According to Rahul Bhuskute, Head Credit and Structured Investments at ICICI Prudential Asset Management Company of fixed income at ICICI prudential Asset Management Company, upgrades and downgrades are part of life for mutual funds which invest in corporate bonds. They are like upward and downward movement of share prices for equity funds.

“Hence, just like in an equity fund, the overall performance of the portfolio is looked at, similarly in a debt fund one should look at the overall fund performance,” said Goswami.

However, since credit downgrade of Amtek Auto by rating agencies led to a sharp decline in net asset value (NAV) of two of the debt schemes of JP Morgan AMC in late August, the credit profile of Indian companies, especially from the troubled commodity and investment-linked sectors, has been in focus.
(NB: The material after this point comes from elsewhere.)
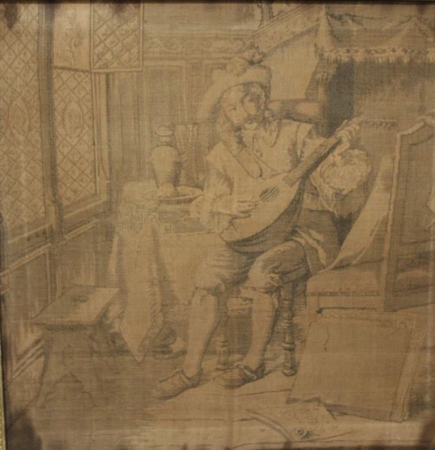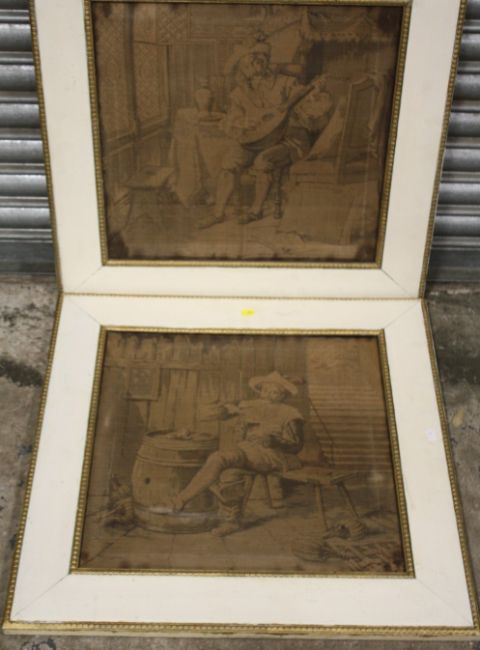 A PAIR OF ANTIQUE FRAMED FIGURATIVE TAPESTRIES, approx 48.5 x 48.5 cm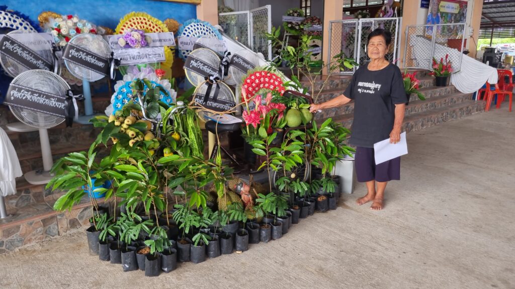 ที่มาของซุ้มผลไม้และพืชผลทางการเกษตรเหล่านี้จากการสอบถาม นางบุญสม วงศ์ชนะ อายุ 79 ปี ซึ่งเป็นภรรยาของลุงชุ บอกว่า ผลไม้เหล่านี้มาจากสวนที่ลุงชุ สามี ปลูกเองกับมือ และบางส่วนเช่นสะตอพันธุ์ตรัง1 ลูกชายซึ่งเป็นผอ.ศูนย์วิจัยพืชสวนยะลานำมาให้เพราะสามีชอบทำสวน

While it was reported that after the Amtek Auto debacle, the Securities and Exchange Board of India (Sebi) asked JP Morgan AMC to present their books to examine the systems followed for investments in Amtek, there were also reports that the market regulator asked various AMCs to provide information on their exposure to Jindal Steel & Power after rating firm Icra had lowered the company’s rating.

Data shows that 46 mutual fund schemes, including several fixed maturity plans (FMPs), held exposure to various debt instruments — commercial papers, debentures and structured obligations — of Jindal Steel & Power as of August 31, with maturities ranging from November 2011 to March 2021.
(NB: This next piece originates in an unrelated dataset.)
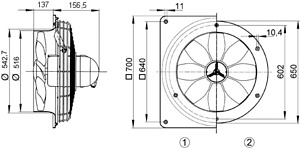 Produktausführung: Drehstrommotor, Ex II 2G Ex eb IIB+H2 T3/T4 Gb X / Ex II 2G Ex h IIB+H2 T3/T4 Gb X. Für Einsatztemperaturen von -20 °C <= Ta <= +60 °C. Für Be- oder Entlüftung umschaltbar. Besondere Eigenschaften: Axial-Wandventilator, explosionsgeschützt, Medium Gas. Explosionsschutz und Zulassungen nach ATEX und IECEx. Für alle Gase und Dämpfe der Ex-Gruppe IIA und IIB und zusätzlich für Wasserstoff qualifiziert. MAICO Ex-Ventilatoren erfüllen die Sicherheitsanforderungen der Europäischen Richtlinie RL 2014/34/EU für Geräte und Schutzsysteme in explosionsgefährdeten Bereichen. Für Zonen 1 und 2. Zündschutzarten: e - erhöhte Sicherheit und c - konstruktive Sicherheit. Schutzart IP 64. Schutzgitter auf der Saugseite, Berührungsschutz gemäß DIN EN ISO 13857. Einbau in jeder Lage möglich. Typenreihe: EZQ / DZQ .. Ex e mit quadratischer Wandplatte. EZS / DZS .. Ex e mit Stahlwandring. Laufrad: Axiallaufrad aus leitfähigem Kunststoff. Wuchtgüte der Motor-Laufradkombination G 6,3 nach Kategorie BV-3 gemäß ISO 14694. Förderrichtung: Die Förderrichtung ist gekennzeichnet. Standard Abluftbetrieb, Förderrichtung über Motor saugend. Drehstrommotor: Robuster Drehstrommotor mit Kugellager, wartungsfrei. Reversierbar. Reversierbetrieb: Der Volumenstrom verringert sich um ca. 35% bei anomaler Förderrichtung. Betriebsart S1 (Dauerbetrieb). Drehzahlregelung mit Transformator TR... möglich. Ausnahme: DZ.. 35/2 B Ex... Die Temperatur im Ventilatormotor wird durch Kaltleiter überwacht. Die Kaltleiter müssen an ein Auslösesystem (Sicherheitseinrichtung gemäß Richtlinie RL 2014/34/EU) angeschlossen werden, das den Ventilator bei zu hohen Temperaturen dauerhaft vom Netz trennt. Als Auslösesystem wird das MAICO-Kaltleiterauslösesystem MVS 6 oder TMS empfohlen. Elektrischer Anschluss: EZ .. Ex: Anschlussleitung ca. 0,5 m lang. DZ .. Ex: Anschlussleitung ca. 1,7 m lang. Separater Klemmenkasten, Ex-geschützt, mit Kabelverschraubung.Artikel: DZQ 50/4 B Ex e, Ausführung: Quadratische Wandplatte, Fördervolumen: 8200 m3/h, Drehzahl: 1440 1/min, Laufradtyp: axial, Drehzahlsteuerbar: ja, Reversierbarkeit: ja, Spannungsart: Drehstrom, Bemessungsspannung: 400 V, Netzfrequenz: 50 Hz, Nennleistung: 420 W, cosphi: 0,74, INenn: 0,82 A, Imax bei UNenn: 1,83 A, Schutzart: IP 64, Wärmeklasse: F, Einbauort: Wand / Decke, Einbauart: Aufputz, Einbaulage: senkrecht / waagerecht, Material: Stahlblech, verzinkt, Material Gehäuse: Stahlblech, verzinkt, Farbe: verzinkt, Gewicht: 24,12 kg, Gewicht mit Verpackung: 28,1 kg, Nennweite: 500 mm, Breite: 700 mm, Höhe: 700 mm, Tiefe: 293,5 mm, Breite mit Verpackung: 730 mm, Höhe mit Verpackung: 730 mm, Tiefe mit Verpackung: 420 mm, EX-Bezeichnung nach ATEX-Richtlinie: Ex II 2 G, EX-Bezeichnung nach Norm: Ex eb IIB + H2 T3 Gb / Ex h IIB + H2 T3 Gb, Ta-Umgebungstemperatur: -20 °C <= Ta <= +60 °C, IA/IN: 4,6, Zeit tA: 240 sek, Betriebsart: S1, PTC DIN 44082: M 130, EG-Baumusterprüfbescheinigung: TÜV-A 19 ATEX0102 X, IECEx EPS 19.0018X, Temperaturklasse: T3, Wärmeklasse von Isolierstoffen Th. Cl.: 155 (F)

All AMCs FE approached, while declining to comment on specific holdings of their schemes, argued that security selection in debt schemes follows a bottoms-up approach and a multi-layered in-house credit process besides considering grading by credit rating agencies as inputs.

As such, metal companies have seen higher downgrades this fiscal and while all the dozen revisions do not signify any serious problem, the number of ratings and outlook downgrades reflects the weakening financial of companies.
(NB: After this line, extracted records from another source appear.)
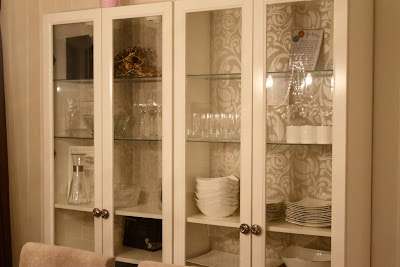 Har tapetsert stueskapene våre - fra Ikea!!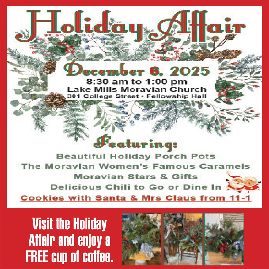 Nov 26, 2025. Lake Mills Moravian Church Events Ads from Leader Independent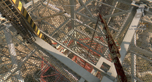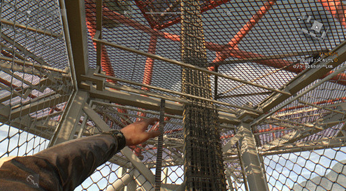 爬到电梯里面,进到里面之后往电线对面的铁网爬到最顶,到顶之后会有铁网挡住上不去,这时候bug就来了,视角往后移瞄准后方铁网边缘,空白键给他按下去,他就会穿过铁网爬上去了,这样就可以轻松上塔顶了。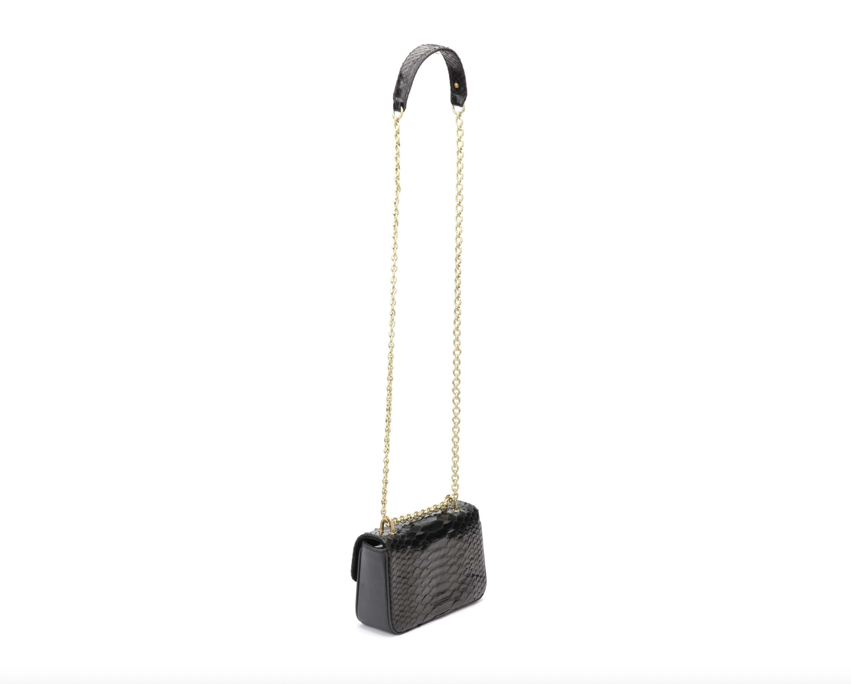 Sac bandoulière pour femme en cuir de python noir orné d'un scarabée en laiton. Côtés en cuir lisse. Bandoulière chaîne à porter en simple ou en double. Fermoir par rabat aimanté. Intérieur doublé en coton avec une poche zippée.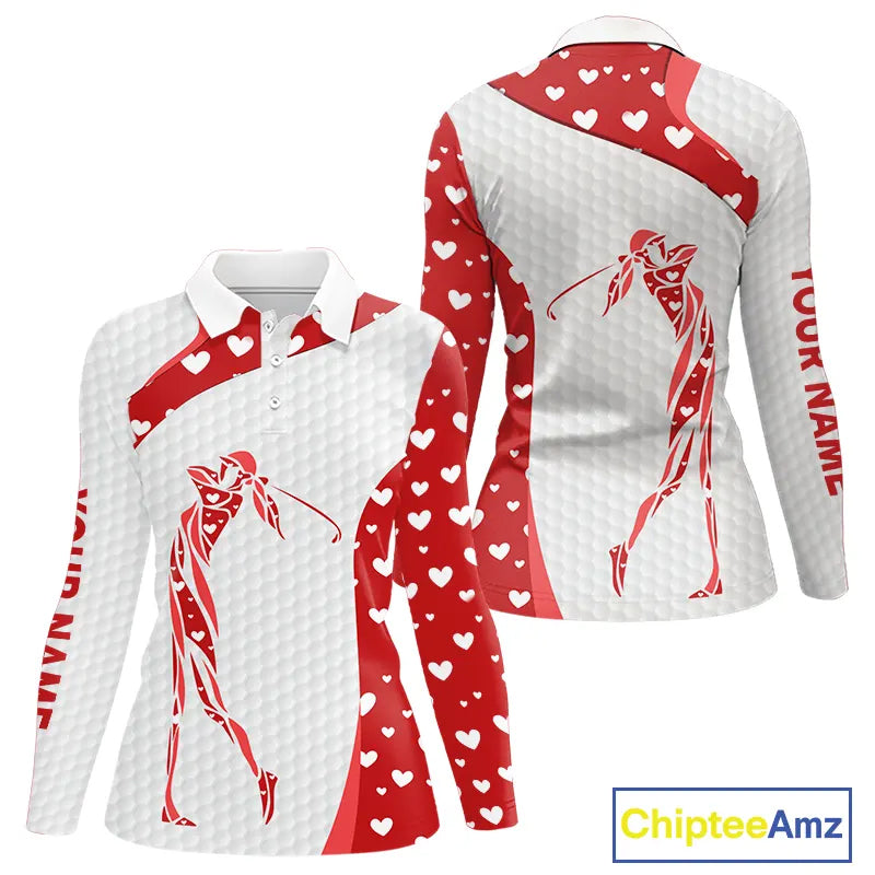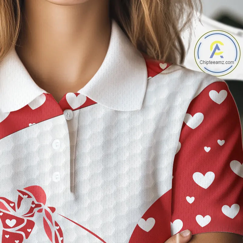 Personalized Red Hearts pattern golf white Womens golf polo shirts custom name Valentine golf gifts NQS11259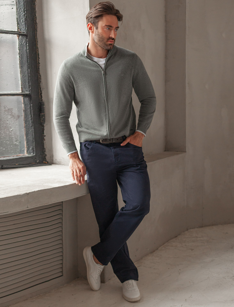 Кардиган на молнии выполнен из гладкой хлопковой пряжи с добавлением нейлона. Модель дополнена вышитым логотипом бренда и контрастными полосками на рукавах и на стойке. Фурнитура цвета темный никель. Изделие хорошо сохраняет тепло, не перегревая тело. Сочетается вторым слоем с футболками, рубашками и поло. Подходит для любого типа фигуры.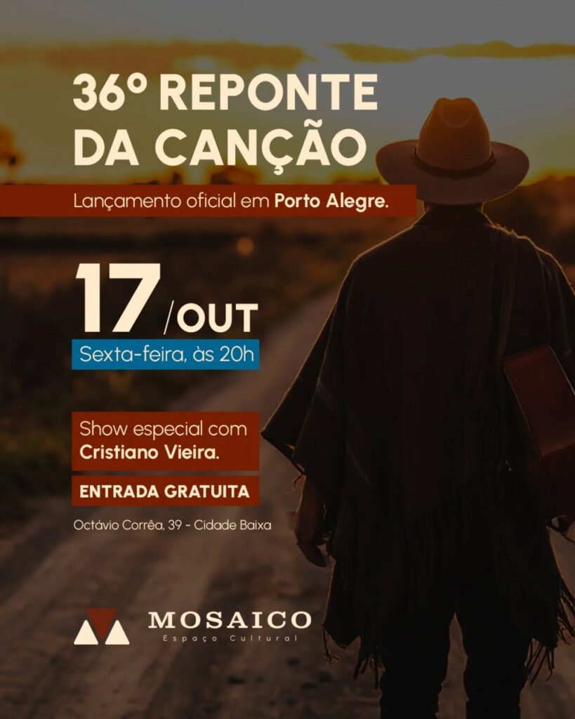 Folklore Argentino | Valor por pessoa: R$ 40,00 Em 07 de dezembro (domingo), às 19h30, Milagros Arancet dará um show de música e cultura argentina no Mosaico. De Paso de los Libres, Argentina, a cantora e compositora vem trilhando um caminho artístico e mantendo viva a tradição folclórica do país. Em 2025, lançou “Nunca dejes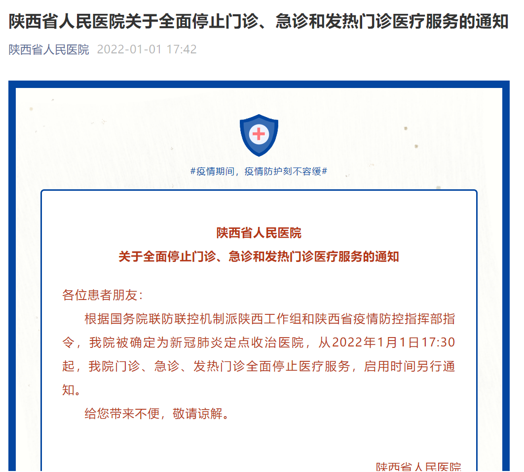 根据国务院联防联控机制派陕西工作组和陕西省疫情防控指挥部指令,我院被确定为新冠肺炎定点收治医院,从2022年1月1日17:30起,我院门诊、急诊、发热门诊全面停止医疗服务,启用时间另行通知。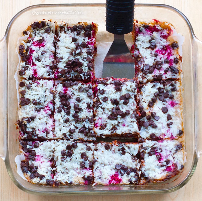 - *Some of the readers who made the recipe have loved the bars as-is, but a few asked how to make the crust more like traditional Magic Square crust. If you want a crust that is less soft, just include the optional 3 tbsp oil or buttery spread with the graham cracker crumbs before pressing down.Line an 8-inch square pan with parchment paper going a little up each side. Preheat oven to 350 F. In a bowl, toss the cracker crumbs with the sweetener and optional oil (and water if using stevia and no oil). Transfer evenly to the bottom of the pan. Press down. Mash the berries. Spread over top (see the video). Sprinkle on half the chocolate chips, then the coconut, then the remaining chips. Evenly pour the coconut milk over top. Place in the oven. Bake 33 minutes. Remove and let sit 15 minutes to firm up. Slice into bars, wiping the knife after each cut. (As mentioned in the post, I initially cut 12 bars but then we ended up making them into 20 bars for the party. So size is up to you!)View Nutrition Facts

Compilation of FE shows that at least 29 and 60 schemes held debt securities of Hindalco and Vedanta, respectively, with maturity from 2016 onward. Crisil lowered long-term credit ratings of these companies to AA- and AA in April this year.

According to a spokesperson of Franklin Templeton Investments, every sector will have both strong and weak companies, and it is wrong to paint every company with the same brush. “Generally speaking, the overall credit environment in India is improving with numerous rating upgrades in the past one year and if one were to analyse our bond fund portfolios; the number of upgrades in the last year is substantially higher than the number of downgrades,” the spokesperson said.

More metals producers could be downgraded, said analysts, as they see several steel producers reporting negative operating cash flows in FY16, with around half of steel producers reporting loss in the three months to June 2016.

Acknowledging that the deterioration in credit parameters in the metals space is on account of high leverage and a weak cycle, Akhil Mittal, senior fund manager, Tata Mutual Fund, said the AMC is vigilant on the sector. “ We also take note that issuers have undergone through a lot of stress and balance sheet deterioration although further stress cannot be completely ruled out.”

AMCs said their rating strategy also give weight to the track record of promoters and parent companies of a business. They are drawing comfort from the fact that companies such as SAIL, Bank of Maharashtra and Indian Overseas Bank are owned by the government or entities like Vedanta and Hindalco have cash-making subsidiaries or established promoter group.